If, subsequent to a Discontinuance or Liquidation
Event, the index publisher of the Share Underlying Index discontinues publication of the Share Underlying Index prior to, and such
discontinuance is continuing on the Final Valuation Date and MS & Co., as the Calculation Agent, determines, in its sole discretion,
that no Successor Index is available at such time, then the Calculation Agent will determine the Closing Price of the Underlying
Shares for such date. The Closing Price of the Underlying Shares will be computed by the Calculation Agent in accordance with the
formula for calculating the Share Underlying Index last in effect prior to such discontinuance, using the Closing Price (or, if
trading in the relevant securities has been materially suspended or materially limited, its good faith estimate of the closing
price that would have prevailed but for such suspension or limitation) at the close of the principal trading session of the Relevant
Exchange on such date of each security most recently composing the Share Underlying Index without any rebalancing or substitution
of such securities following such discontinuance. Notwithstanding these alternative arrangements, discontinuance of the publication
of the Share Underlying Index may adversely affect the value of the Securities.
Trustee
The “Trustee” for each offering
of notes issued under our Senior Debt Indenture, including the Securities, will be The Bank of New York Mellon, a New York banking
corporation.
Agent
The “agent” is MS & Co.
Calculation Agent and Calculations
The “Calculation Agent” for
the Securities will be MS & Co. As Calculation Agent, MS & Co. will determine, among other things, the Initial Price, the
Digital Barrier, the Downside Threshold, the Final Price, the Underlying Return and the Payment at Maturity.

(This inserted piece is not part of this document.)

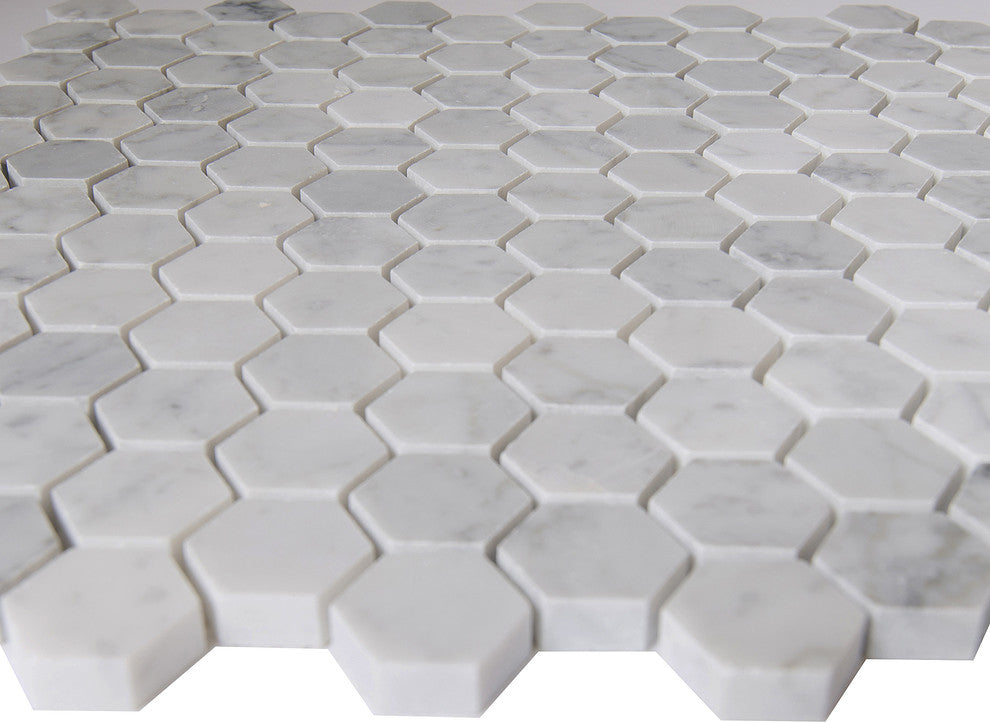Specifications:General Name: Carrara White Marble Mosaic TileCollection: Carrara White MarbleName: CWMSKU: CWMM1HEx-HType: Mosaic Tile Size: 11-1/2"x11"x3/8"Chip Size: 1" HexagonFinish: HonedApplication: Wall and Floor

All determinations made by the Calculation
Agent will be at the sole discretion of the Calculation Agent and will, in the absence of manifest error, be conclusive for all
purposes and binding on you, the Trustee and us.

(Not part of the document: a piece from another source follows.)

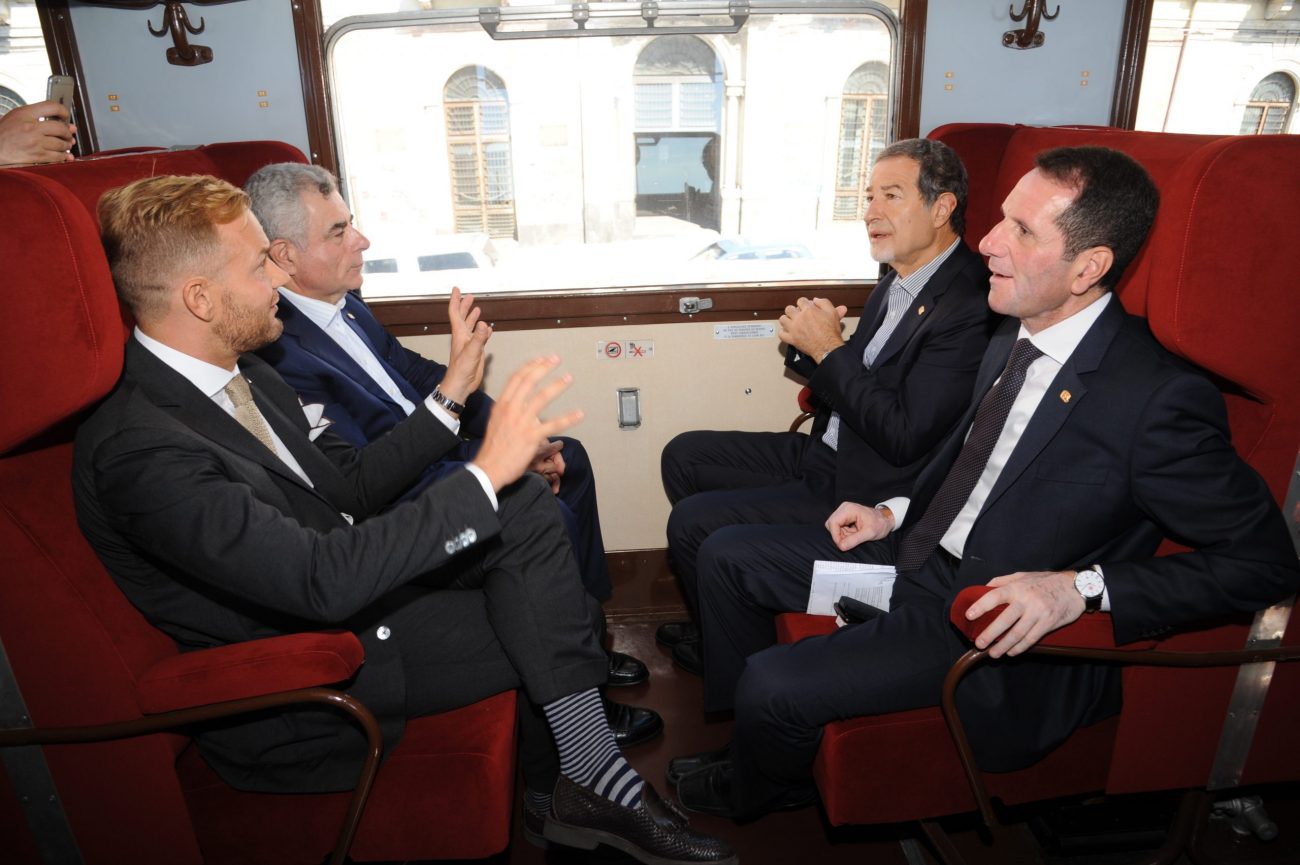 Scoprire il territorio siciliano e quest’anno anche i suoi prodotti tipici, utilizzando i ‘treni storici’. Il programma della Fondazione Ferrovie dello Stato è stato presentato oggi, alla presenza del presidente della Regione Siciliana Nello Musumeci e dell’assessore al Turismo Sandro Pappalardo, dal presidente della Fondazione FS, Mauro Moretti e dal direttore generale, Luigi Cantamessa, a bordo di un treno degli anni Trenta, partito dalla stazione di Catania e arrivato a Siracusa.

All calculations with respect to the Payment
at Maturity will be rounded to the nearest one hundred-thousandth, with five one-millionths rounded upward (e.g., .876545 would
be rounded to .87655); all dollar amounts related to determination of the amount of cash payable per Security will be rounded to
the nearest ten-thousandth, with five one hundred-thousandths rounded upward (e.g., .76545 would be rounded up to .7655); and all
dollar amounts paid on the aggregate number of Securities will be rounded to the nearest cent, with one-half cent rounded upward.
Because the Calculation Agent is our affiliate,
the economic interests of the Calculation Agent and its affiliates may be adverse to your interests, as an owner of the Securities,
including with respect to certain determinations and judgments that the Calculation Agent must make in determining the Final Price
or whether a Market Disruption Event has occurred. See “—Discontinuance of the Underlying Shares and/or Share Underlying
Index; Alteration of Method of Calculation,” and the definition of Market Disruption Event. MS & Co. is obligated to
carry out its duties and functions as Calculation Agent in good faith and using its reasonable judgment.
Form of Securities
The Securities will be issued in the form
of one or more fully registered global securities which will be deposited with, or on behalf of, the Depositary and will be registered
in the name of a nominee of the Depositary. The Depositary’s nominee will be the only registered holder of the Securities.
Your beneficial interest in the Securities will be evidenced solely by entries on the books of the securities intermediary acting
on your behalf as a direct or indirect participant in the Depositary. In this pricing supplement, all references to payments or
notices to you will mean payments or notices to the Depositary, as the registered holder of the Securities, for distribution to
participants in accordance with the Depositary’s procedures. For more information regarding the Depositary and book entry
notes, please read “Form of Securities—The Depositary” in the accompanying prospectus supplement and “Securities
Offered on a Global Basis Through the Depositary” in the accompanying prospectus.